We are a culture that’s obsessed with the future and technology. We want to “seize the future” like no other generation before, and become available to anyone 24/7 through the internet, wifi and cell phones. Our guests address these phenomena and discuss why it’s happening and how concentrating too much on the future and the internet affects our world, our relationships and our lives.
Guest Information:
- Hal Niedzviecki, author of Trees on Mars: Our obsession with the future
- Paul Andrew Sacco, PhD. Speaker, author of The Internet Apocalypse?
Links for Additional Info:
15-50 Are We Obsessed With The Future?
Gary Price: This holiday season, there are more gadgets, apps and high-level technology for sale than ever before. Marketers want you to be on “the cutting edge” of everything from Ultra-HD TV’s, to phones that have more bells and whistles than anyone really needs, to cars that park themselves, and let you listen to music and podcasts from around the world! And even after holiday gift giving is over, we’ll be hearing commercials about the NEXT big thing. Are we obsessed with the future? Are we just too concerned about being on the cutting edge of…whatever? Hal Niedzviecki thinks so.

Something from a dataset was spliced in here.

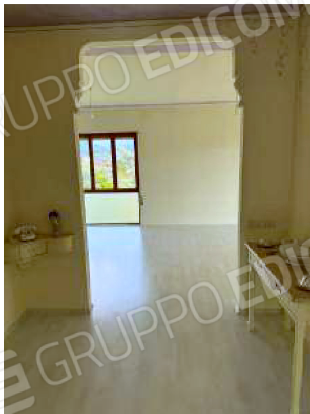
Ingresso verso il soggiorno

He’s the author of the book Trees on Mars: Our obsession with the future…
Hal Niedzviecki: I have nothing against the future. What I object to is this idea that in our society today, right now, we are giving people the task of owning the future or getting to the future first, innovating the future, disrupting the present for the sake of inventing the new future. And this is the rhetoric that’s going around right now and it’s, in fact, very damaging to the present which ultimately I think is going to lead us to a far worse future than we would otherwise have.
Price: Niedzviecki says that not everyone is enamored of the future or even has time to consider it, what with the problems and hardships they face here, in the present…

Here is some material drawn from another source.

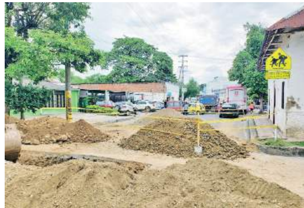
La zona es de mucha actividad comercial y de movilidad en la ciudad.

Niedzviecki: We have this incredible rhetoric in our society today about seizing the future and how we’re on the cusp of this amazing future and more and more people are struggling to make do to see that bright new horizon in the midst of a mountain of debt and precarious labor and everything else. So this is part of my analysis of this trend, you know, we’re telling people in education, government is embracing this, corporations are certainly embracing this led by the biggest corporations in the world which are now our technology corporations. All these entities are telling us to go and seize the future and become change agents when practically we really don’t have the resources to do that, we’re not empowered to do that outside of the rhetoric and it’s kind of driving us into a very anxious, dark place.
Price: Big corporations have a large stake in the future and of making sure everyone possible is on the own the future bandwagon…

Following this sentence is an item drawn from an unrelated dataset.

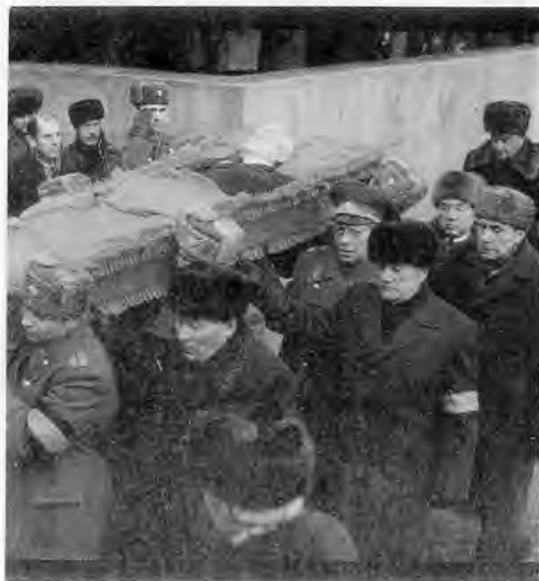
Похороны. 14 февраля 1984 г.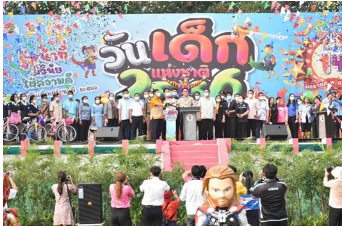
๒. ผู้ว่าราชการจังหวัดชัยนาท ประธานในพิธี อ่านสารวันเด็กแห่งชาติ และกล่าวเปิดงาน

Niedzviecki: Obviously, if Mark Zuckerberg at Facebook says, you know, we’re on the cusp of this brand new future, and we need to make sure that the Internet is in every corner of the world because that is the future, there’s a big benefit for Facebook being available in parts of the world where it’s not currently that accessible. But we have to ask ourselves is it that important to have high-speed Internet in rural Africa when you’re looking at the parts of the country where, you know, 90 percent of the people don’t have access to clean water.
Price: And if you’re not totally taken with the idea that everyone has to embrace the future and technology? Well, you’re not with it, or old fashioned. Peter Andrew Sacco says it’s all about fitting in. Sacco is the author of The Internet Apocalypse: The world without Internet…
Peter Sacco: If you look at a lot of these commercials on TV and it’s just like you have to fit in, be one of them or you’re going to be left out, especially with smart phones and the tablet. So what it is, is so many people are now communicating this way through technology, whether it be Internet, cell phones or whatever, that the people that aren’t doing it are definitely feeling left out, and in some cases totally being left out especially when this is now becoming a required part of your life, especially in many jobs. If you’re not Internet savvy, you don’t stand a chance.
Price: It’s imperative that everyone fit in these days, and perhaps that’s why younger people are so quick to snatch up the newest gadgets and sign on to the latest apps. It’s certainly why the Internet and social media have become so popular. Everyone has to know what their friends and family are doing every hour of the day, it seems. Sacco says that if the Internet somehow shut off, we’d all be plunged back into the 20th century!
Sacco: It would really be interesting because people would actually, first of all, have to communicate verbally, face-to-face with people which would mean making eye contact and recapturing the, probably, a fading away rather fast art of reading non-verbal communication with is roughly about 75-80 percent. I think with that as well, too, you would have individuals that would have to verbally discuss their conflicts, do conflict resolution face-to-face or over a telephone versus posting it on Facebook for the masses to read first, hoping that it gets back to the person they have the issue with so they will then try to resolve it through all the other people online, so it would eventually get back to you. So it’s amicably solved by all the other people knowing about it. It’s kind of real interesting that has actually happened that much, and when I was doing research for this I actually found people breaking up, even ending marriages over Facebook or Twitter and the other person finding out that way.
Price: In addition to learning – or relearning – how to talk to one another face-to-face, Sacco says we would have to once again become more patient with the world and each other since we couldn’t pull out our phones or tablets on the bus or waiting in line. That is if we could get off the Internet and Wifi completely. It would take a total breakdown of the communications infrastructure for some people to get off, and this worries him…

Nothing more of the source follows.